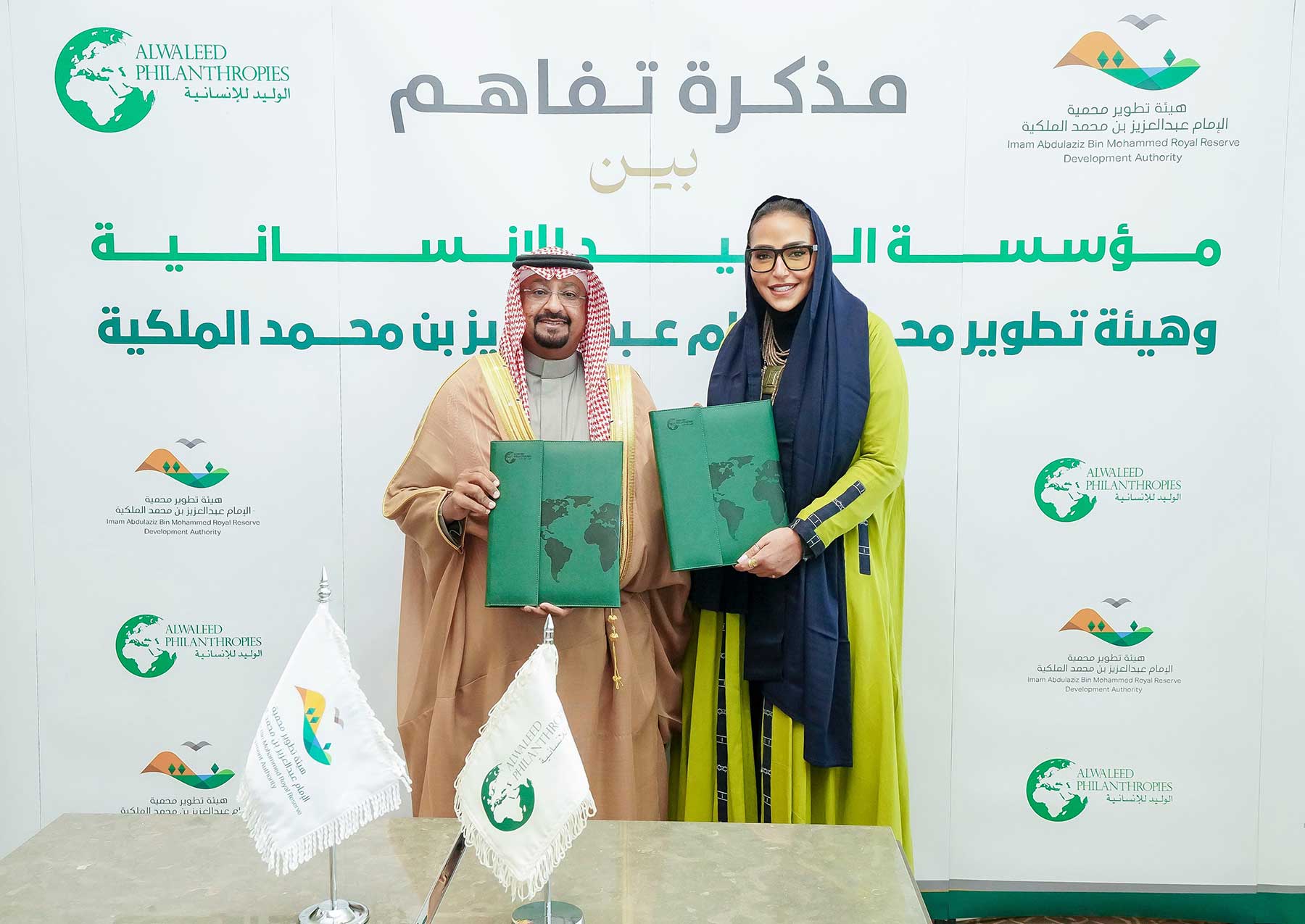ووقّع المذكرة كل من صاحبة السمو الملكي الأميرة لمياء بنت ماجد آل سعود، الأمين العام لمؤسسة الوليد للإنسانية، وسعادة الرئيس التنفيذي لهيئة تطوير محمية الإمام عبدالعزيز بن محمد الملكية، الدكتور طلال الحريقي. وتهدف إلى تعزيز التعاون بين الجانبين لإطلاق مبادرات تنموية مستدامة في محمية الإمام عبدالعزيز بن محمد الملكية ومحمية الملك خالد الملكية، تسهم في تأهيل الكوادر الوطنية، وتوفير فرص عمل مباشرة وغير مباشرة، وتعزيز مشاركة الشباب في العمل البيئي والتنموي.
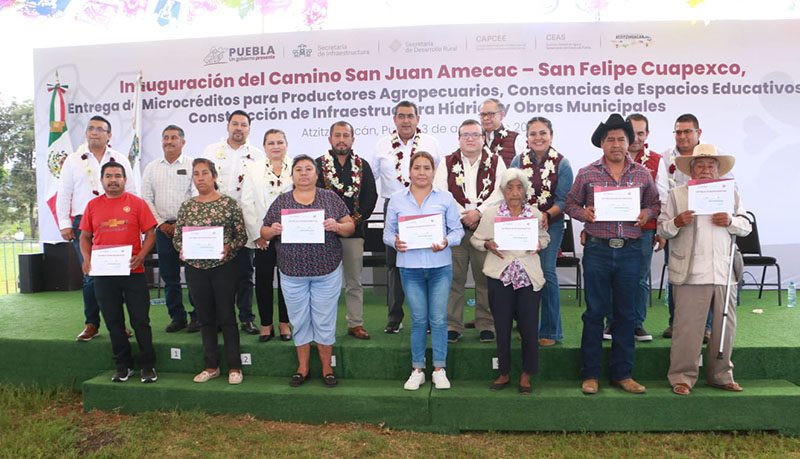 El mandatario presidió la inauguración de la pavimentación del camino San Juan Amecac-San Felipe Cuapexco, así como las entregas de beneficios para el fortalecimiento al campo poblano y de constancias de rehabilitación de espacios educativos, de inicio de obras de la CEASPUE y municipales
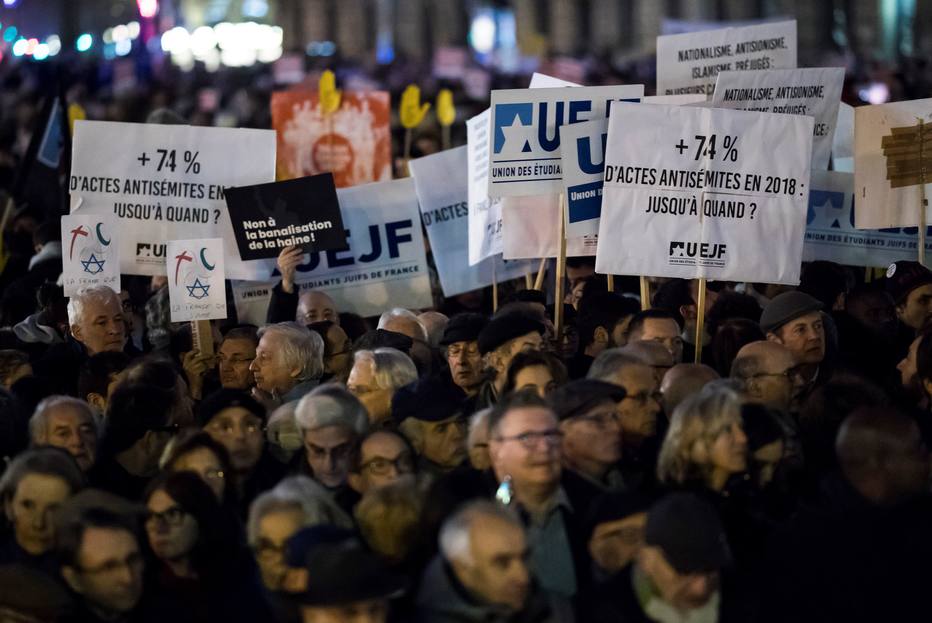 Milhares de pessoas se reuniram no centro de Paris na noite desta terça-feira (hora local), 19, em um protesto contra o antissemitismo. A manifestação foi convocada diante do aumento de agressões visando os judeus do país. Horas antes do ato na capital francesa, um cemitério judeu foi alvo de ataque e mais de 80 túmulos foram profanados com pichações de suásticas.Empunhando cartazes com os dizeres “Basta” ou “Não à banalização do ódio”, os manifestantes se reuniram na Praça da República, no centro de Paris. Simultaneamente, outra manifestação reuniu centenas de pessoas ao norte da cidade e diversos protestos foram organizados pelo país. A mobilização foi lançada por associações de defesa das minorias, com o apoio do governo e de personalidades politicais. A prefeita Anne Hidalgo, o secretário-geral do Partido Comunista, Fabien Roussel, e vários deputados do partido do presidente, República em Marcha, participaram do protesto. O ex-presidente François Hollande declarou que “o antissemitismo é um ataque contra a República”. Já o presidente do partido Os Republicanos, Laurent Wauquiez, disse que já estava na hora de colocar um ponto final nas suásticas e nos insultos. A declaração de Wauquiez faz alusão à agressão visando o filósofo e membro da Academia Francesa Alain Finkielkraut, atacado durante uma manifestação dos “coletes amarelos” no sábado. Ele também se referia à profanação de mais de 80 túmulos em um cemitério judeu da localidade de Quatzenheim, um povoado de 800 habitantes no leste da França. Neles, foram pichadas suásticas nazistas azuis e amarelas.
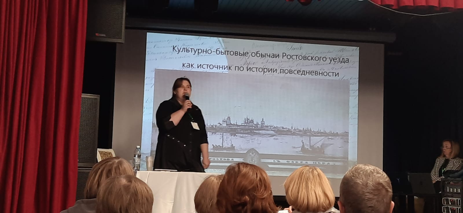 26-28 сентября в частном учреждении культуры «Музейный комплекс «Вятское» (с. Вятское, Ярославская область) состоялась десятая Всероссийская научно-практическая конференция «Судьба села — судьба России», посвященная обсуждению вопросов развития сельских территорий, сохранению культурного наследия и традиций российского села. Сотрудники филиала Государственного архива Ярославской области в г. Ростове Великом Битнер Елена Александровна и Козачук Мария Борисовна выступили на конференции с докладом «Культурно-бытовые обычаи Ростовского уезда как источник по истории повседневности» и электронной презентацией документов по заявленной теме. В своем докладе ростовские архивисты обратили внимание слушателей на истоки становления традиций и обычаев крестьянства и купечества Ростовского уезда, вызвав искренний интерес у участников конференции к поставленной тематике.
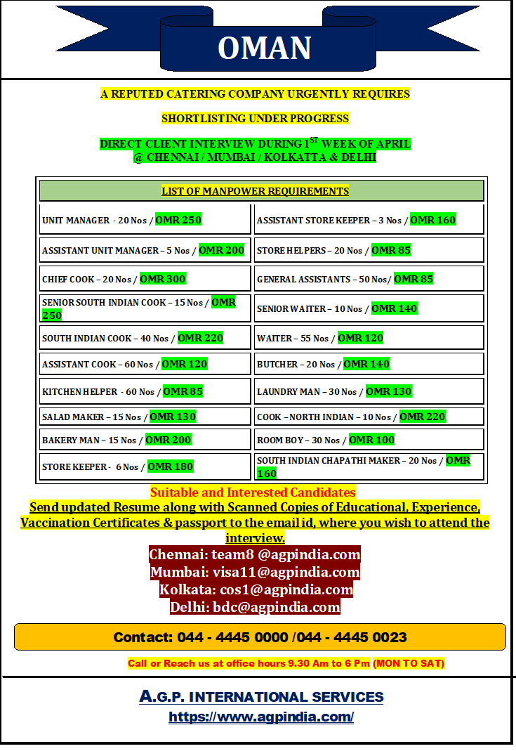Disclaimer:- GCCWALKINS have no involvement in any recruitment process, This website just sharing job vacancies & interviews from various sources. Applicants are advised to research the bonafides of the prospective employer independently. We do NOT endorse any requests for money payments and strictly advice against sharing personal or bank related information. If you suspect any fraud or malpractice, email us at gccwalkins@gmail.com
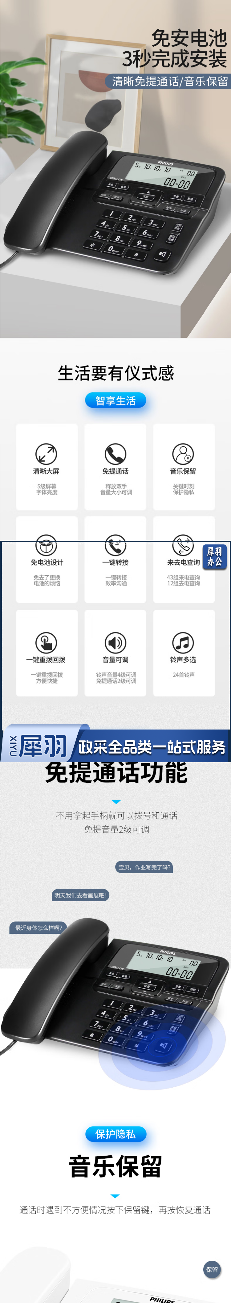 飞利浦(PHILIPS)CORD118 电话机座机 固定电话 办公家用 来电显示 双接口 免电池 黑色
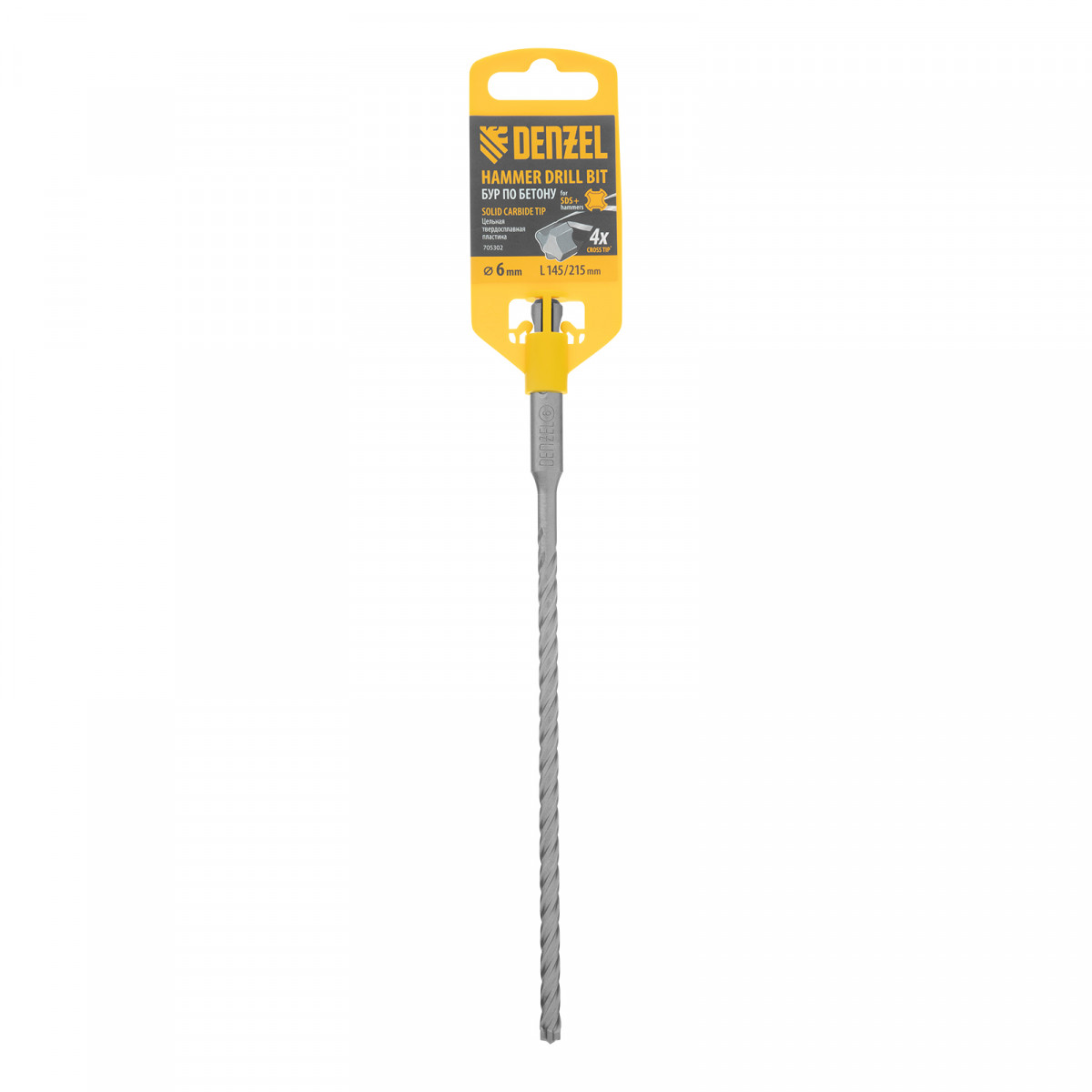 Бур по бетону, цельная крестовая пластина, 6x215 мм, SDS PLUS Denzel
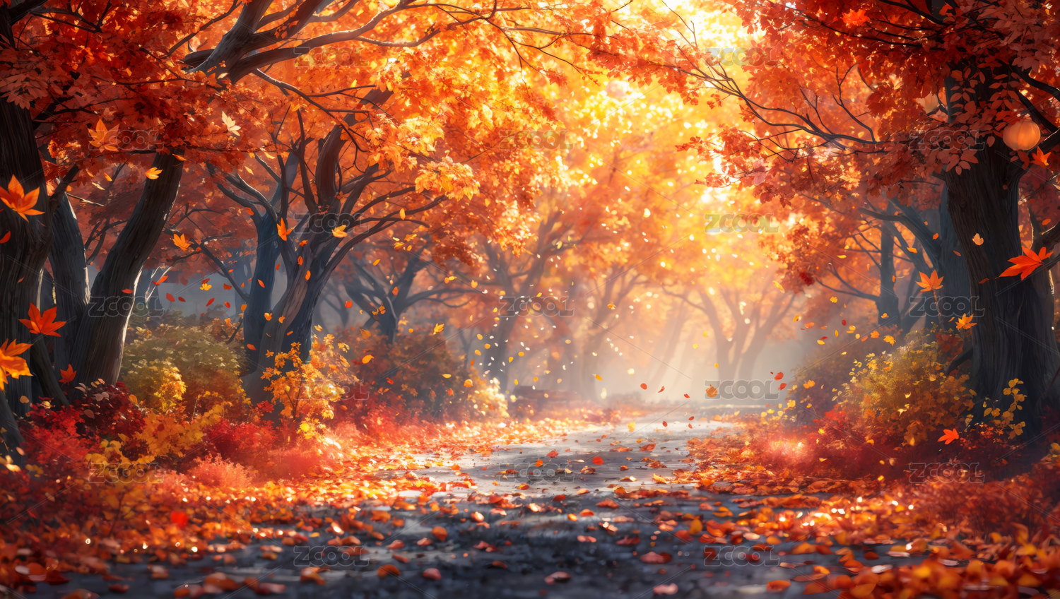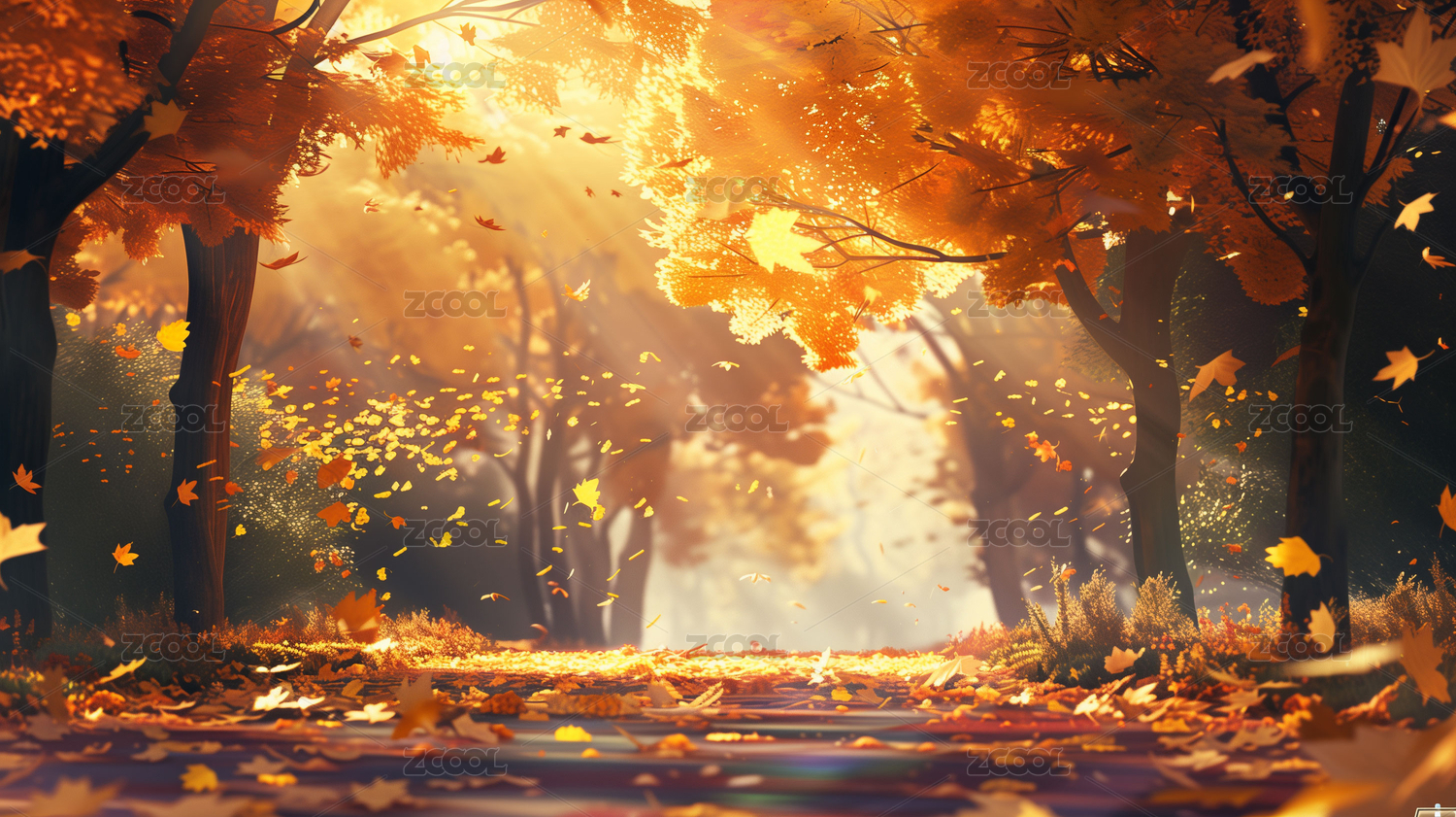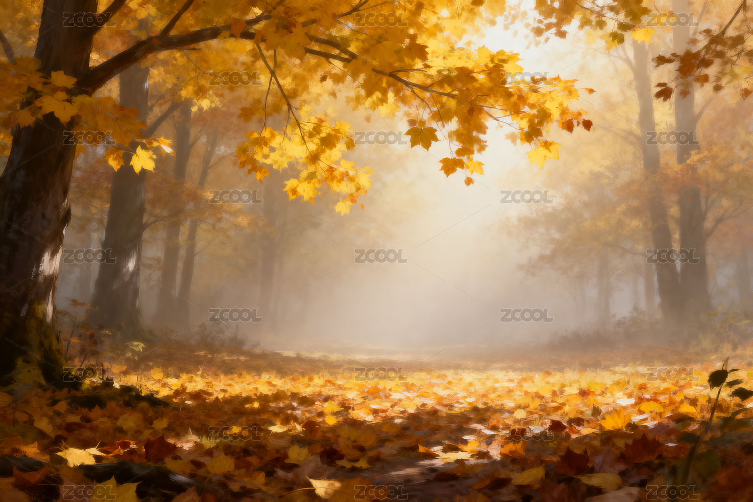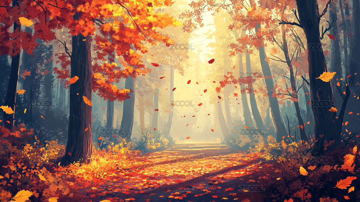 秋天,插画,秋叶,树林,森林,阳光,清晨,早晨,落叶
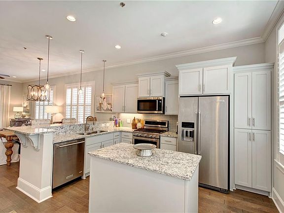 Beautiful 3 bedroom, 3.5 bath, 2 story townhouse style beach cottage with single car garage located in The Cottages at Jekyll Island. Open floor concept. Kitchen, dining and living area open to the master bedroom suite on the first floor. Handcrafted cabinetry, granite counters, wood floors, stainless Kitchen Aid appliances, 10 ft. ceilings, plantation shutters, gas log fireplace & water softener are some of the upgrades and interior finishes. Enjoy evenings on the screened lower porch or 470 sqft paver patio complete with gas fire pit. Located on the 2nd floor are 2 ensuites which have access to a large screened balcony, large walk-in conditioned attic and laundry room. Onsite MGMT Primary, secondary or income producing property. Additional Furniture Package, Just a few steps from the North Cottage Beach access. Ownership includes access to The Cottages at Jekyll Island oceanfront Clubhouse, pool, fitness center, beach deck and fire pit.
■ ■ ■
**PROBLEM**.
Repeat exactly the lines above, beginning at the one containing "26-28 сентября в" and ending at the one containing "秋天,插画,秋叶,树林,森林,阳光,清晨,早晨,落叶". Do not carry over any pictures.

**THE COMPLETED TASK**.
 26-28 сентября в частном учреждении культуры «Музейный комплекс «Вятское» (с. Вятское, Ярославская область) состоялась десятая Всероссийская научно-практическая конференция «Судьба села — судьба России», посвященная обсуждению вопросов развития сельских территорий, сохранению культурного наследия и традиций российского села. Сотрудники филиала Государственного архива Ярославской области в г. Ростове Великом Битнер Елена Александровна и Козачук Мария Борисовна выступили на конференции с докладом «Культурно-бытовые обычаи Ростовского уезда как источник по истории повседневности» и электронной презентацией документов по заявленной теме. В своем докладе ростовские архивисты обратили внимание слушателей на истоки становления традиций и обычаев крестьянства и купечества Ростовского уезда, вызвав искренний интерес у участников конференции к поставленной тематике.
Disclaimer:- GCCWALKINS have no involvement in any recruitment process, This website just sharing job vacancies & interviews from various sources. Applicants are advised to research the bonafides of the prospective employer independently. We do NOT endorse any requests for money payments and strictly advice against sharing personal or bank related information. If you suspect any fraud or malpractice, email us at gccwalkins@gmail.com
 飞利浦(PHILIPS)CORD118 电话机座机 固定电话 办公家用 来电显示 双接口 免电池 黑色
 Бур по бетону, цельная крестовая пластина, 6x215 мм, SDS PLUS Denzel
 秋天,插画,秋叶,树林,森林,阳光,清晨,早晨,落叶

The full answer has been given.